→ TASK ITEM
Return all the lines below exactly. Any picture among them is omitted.

→ SOURCE MATERIAL
_ _ _

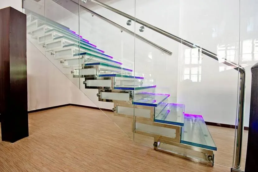 Чаще всего используют три основных вида стекла для изготовления подходящих для лестниц элементов ступеней:
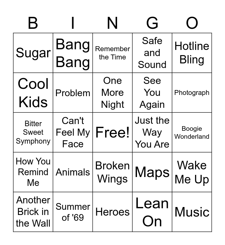 This bingo card has a free space and 50 words: It's My Life, Music, Latch, Heroes, Animals, Rather Be, Bang Bang, Boom Clap, Cool Kids, Break Free, Problem, Safe and Sound, Wake Me Up, Maps, Demons, Chandelier, One More Night, Just the Way You Are, Blurred Lines, Hotline Bling, Can't Feel My Face, Lean On, Sugar, See You Again, Locked Away, Worth It, Photograph, Whenever, Wherever, Remember the Time, Broken Wings, Self Esteem, Down Under, Uprising, Hold the Line, Summer of '69, Time After Time, Africa, Clocks, I'm So Excited, Boogie Wonderland, Give Me All Your Lovin', Don't You (Forget About Me), Roxanne, Every Breath You Take, Another Brick in the Wall, Bitter Sweet Symphony, We Will Rock You, Just a Girl, How You Remind Me and Paint It Black.
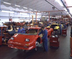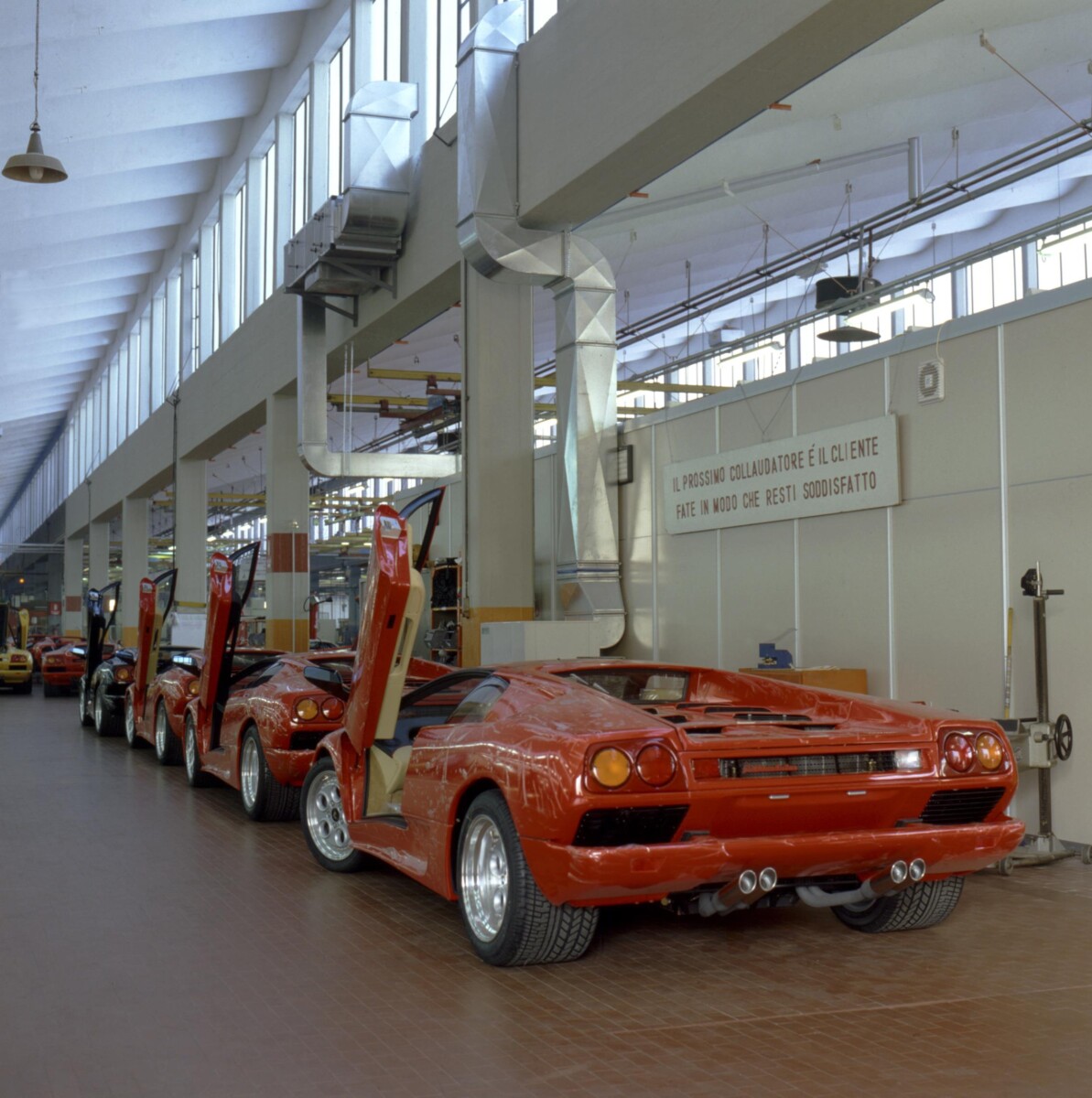 Il nome stesso evoca leggenda: Diablo, in omaggio all’omonimo toro da corrida leggendario che, nel 1869, si batté per ore contro il matador José de Lara, detto “El Chicorro”. Il debutto segna commercialmente un successo immediato con i primi ordini che arrivano già prima della presentazione, in un mondo che ancora non conosceva “preview” su social media e web. Con il suo V12 da 5,7 litri, 492 CV e 580 Nm di coppia, la Diablo accelera da 0 a 100 km/h in circa 4,5 secondi e stabilisce il nuovo record di velocità per vetture stradali, toccando i 337 km/h sul circuito di Nardò. Il telaio tubolare, la carrozzeria in alluminio e acciaio con inserti in fibra di carbonio, utilizzati per la prima volta su una vettura di serie, insieme alle sospensioni raffinate conferiscono alla Diablo un comportamento dinamico senza precedenti. Per la prima volta, una Lamborghini abbina prestazioni assolute a comfort innovativo, con sedili regolabili, alzacristalli elettrici, impianto stereo Alpine. Lusso, design e potenza si fondono senza compromessi.
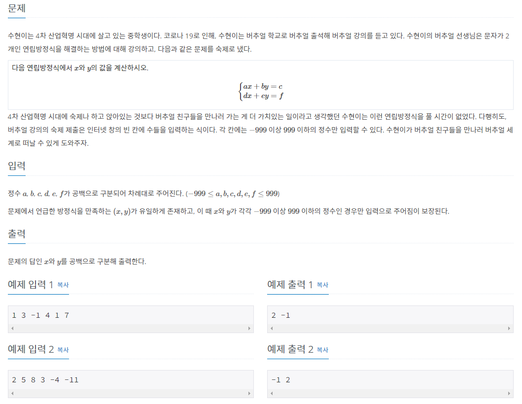 브루트포스와 가까운 건 내 풀이인 것 같긴 한데 이 공식을 알면 다음에 연립방정식 문제가 나왔을 때 효율적으로 풀 수 있을 것 같다.

_ _ _

→ REPLY
 Чаще всего используют три основных вида стекла для изготовления подходящих для лестниц элементов ступеней:
 This bingo card has a free space and 50 words: It's My Life, Music, Latch, Heroes, Animals, Rather Be, Bang Bang, Boom Clap, Cool Kids, Break Free, Problem, Safe and Sound, Wake Me Up, Maps, Demons, Chandelier, One More Night, Just the Way You Are, Blurred Lines, Hotline Bling, Can't Feel My Face, Lean On, Sugar, See You Again, Locked Away, Worth It, Photograph, Whenever, Wherever, Remember the Time, Broken Wings, Self Esteem, Down Under, Uprising, Hold the Line, Summer of '69, Time After Time, Africa, Clocks, I'm So Excited, Boogie Wonderland, Give Me All Your Lovin', Don't You (Forget About Me), Roxanne, Every Breath You Take, Another Brick in the Wall, Bitter Sweet Symphony, We Will Rock You, Just a Girl, How You Remind Me and Paint It Black.
 Il nome stesso evoca leggenda: Diablo, in omaggio all’omonimo toro da corrida leggendario che, nel 1869, si batté per ore contro il matador José de Lara, detto “El Chicorro”. Il debutto segna commercialmente un successo immediato con i primi ordini che arrivano già prima della presentazione, in un mondo che ancora non conosceva “preview” su social media e web. Con il suo V12 da 5,7 litri, 492 CV e 580 Nm di coppia, la Diablo accelera da 0 a 100 km/h in circa 4,5 secondi e stabilisce il nuovo record di velocità per vetture stradali, toccando i 337 km/h sul circuito di Nardò. Il telaio tubolare, la carrozzeria in alluminio e acciaio con inserti in fibra di carbonio, utilizzati per la prima volta su una vettura di serie, insieme alle sospensioni raffinate conferiscono alla Diablo un comportamento dinamico senza precedenti. Per la prima volta, una Lamborghini abbina prestazioni assolute a comfort innovativo, con sedili regolabili, alzacristalli elettrici, impianto stereo Alpine. Lusso, design e potenza si fondono senza compromessi.
 브루트포스와 가까운 건 내 풀이인 것 같긴 한데 이 공식을 알면 다음에 연립방정식 문제가 나왔을 때 효율적으로 풀 수 있을 것 같다.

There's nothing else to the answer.